Taking advantage of the Microchip FPGA Suite does not directly translate into having to use the device’s JTAG interface with FlashPro5. That’s why directly jumping to the conclusion that one needs a JTAG probe because there is an FPGA on the board is the natural reaction we have after using FPGAs for a few years but may not apply to the way everybody intend to use BeagleV-Fire.

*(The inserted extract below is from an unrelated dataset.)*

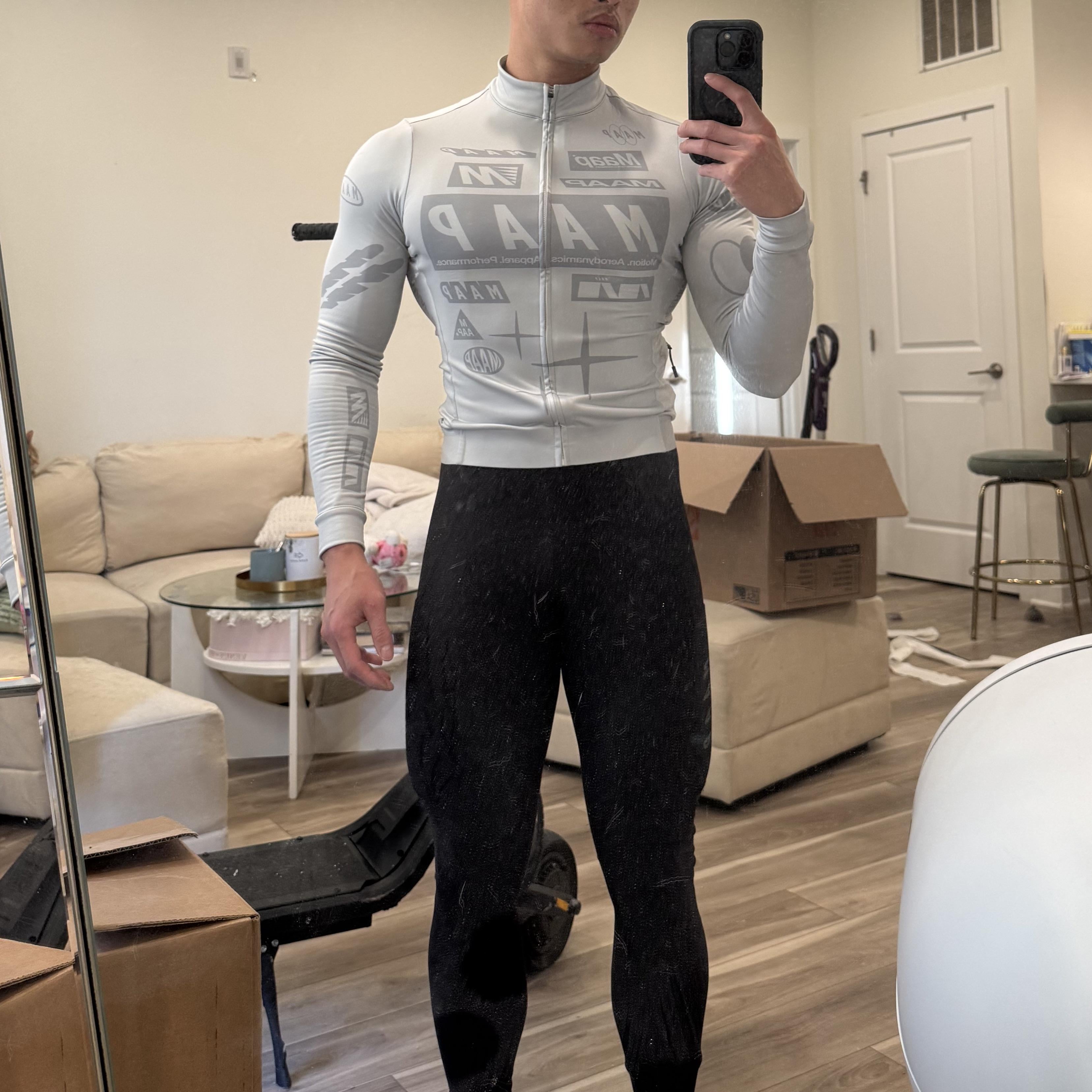 With your physique the bottoms look petty good but you might struggle with MAAP jerseys since they tend to be designed for a narrower chest overall. You might want to look for jerseys with a club fit or classic fit. Pearl Izumi makes jerseys to this end. Canyon also sells classic fit jerseys. If you’re set on MAAP then I’d point you toward their training jerseys which should have a more accommodating fit.

The Microchip FPGA Suite is used as part of the BeagleV-Fire gateware build system. It may not be immediately obvious if using the CI system but it is the tools suite currently used by the openbeagle CI system. The exact same build scripts can be used locally on your development machine if you have the Microchip FPGA Suite installed on it. The BeagleV-Fire gateware build systems generates programming files that can then be copied to the board’s file system and programmed using the “change-gateware.sh” script. This sounds terribly convoluted when coming from a pure FPGA background. However, using this flow locally on my development machine comes down to 3 Linux commands (first 2 on my host machine, last one on the board):

  • python3 ./build-bitstream.py SOME-FPGA-DESIGN-BUILD-OPTION.yaml
  • scp -r ./bitstream beagle@192.168.X.Y:/home/beagle
  • sudo /usr/share/beagle/gateware/change-gateware.sh bitstream

This is the device programming part.

The other parts of the Microchip FPGA Suite that require a FlashPro5 are SmartDebug and Identify. What follows is my personal approach based on years of debug with the various Microchip FPGAs.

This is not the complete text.